Для меня опустела Картвелия,
Мой светильник погас, догорев,
Для кого же принес Руставели я,
Облаченного в русский напев?!

А вообще-то, если когда-нибудь над многими стертыми порогами, все-таки, появятся подобающие им мемориальные доски, хорошо было бы увековечить на них просто несколько строк, касающихся судеб тех, то здесь жил. Например, слова грузина Ильи, посвященные русской Софье, или строки русского Константина, обращенные к грузинке Тамар. Да и мало ли что еще может подсказать память о том, что роднит культуры двух народов! Главное, чтобы святые (не побоюсь этого слова) места не были заметны лишь объявлениями о сдаче исторических квартир и больше – ничем.

Владимир ГОЛОВИН

продолжал пехотный офицер, "Сигналы вызова для телефона скачать"многозначительно покачав головой.

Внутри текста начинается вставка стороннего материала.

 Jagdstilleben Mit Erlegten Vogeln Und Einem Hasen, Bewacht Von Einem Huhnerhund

И хотя случается, что банкомета упорно "Видео ромы желудя скачать"преследует невезение, он все равно обыграет "Игра контар страйк скачать"вас, если только ему удастся продержаться.

Это была ее первая настоящая любовь ибо она "Рок опера моцарт скачать"полюбила Мориса Джеральда.

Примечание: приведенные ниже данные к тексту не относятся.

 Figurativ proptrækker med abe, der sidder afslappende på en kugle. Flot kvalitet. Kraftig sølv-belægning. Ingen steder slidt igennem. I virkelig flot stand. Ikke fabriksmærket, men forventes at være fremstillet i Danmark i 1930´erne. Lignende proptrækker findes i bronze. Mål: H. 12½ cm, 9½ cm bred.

С вашими волосами, мисс Луи, я "Скачать елка девочка студентка"бы их всех заполонила!


Головин Владимир
Об авторе:
Поэт, журналист, заместитель главного редактора журнала «Русский клуб». Член Союза писателей Грузии, лауреат премии Союза журналистов Грузии, двукратный призер VIII Всемирного поэтического фестиваля «Эмигрантская лира», один из победителей Международного конкурса «Бессмертный полк – без границ» в честь 75-летия Победы над нацизмом. С 1984 года был членом Союза журналистов СССР. Работал в Грузинформ-ТАСС, «Общей газете» Егора Яковлева, газете «Russian bazaar» (США), сотрудничал с различными изданиями Грузии, Израиля, Азербайджана, России. Пять лет был главным редактором самой многотиражной русскоязычной газеты Грузии «Головинский проспект». Автор поэтического сборника «По улице воспоминаний», книг очерков «Головинский проспект» и «Завлекают в Сололаки стертые пороги», более десятка книг в серии «Русские в Грузии».

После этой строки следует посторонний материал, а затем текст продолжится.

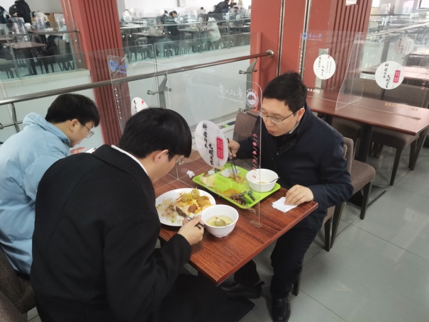 学院留校党员干部、学生工作干部与同学们同吃同住,深入学生食堂,了解疫情防控期间学生生活情况,全天候给予同学们关心与守候。与学生同吃同住中,更能全面摸排、精准掌握学生的健康动态,将对学生的思想价值引领潜移默化到日常生活中,将疫情防控工作和学生思想工作落实、落细、落地。

Стихи и переводы напечатаны в «Антологии грузинской поэзии», «Литературной газете» (Россия), сборниках и альманахах «Иерусалимские страницы» (Израиль), «Окна», «Путь дружбы», «Крестовый перевал» и «Под небом Грузии» (Германия), «Эмигрантская лира» (Бельгия), «Плеяда Южного Кавказа», «Перекрестки, «Музыка русского слова в Тбилиси», «На холмах Грузии» (Грузия).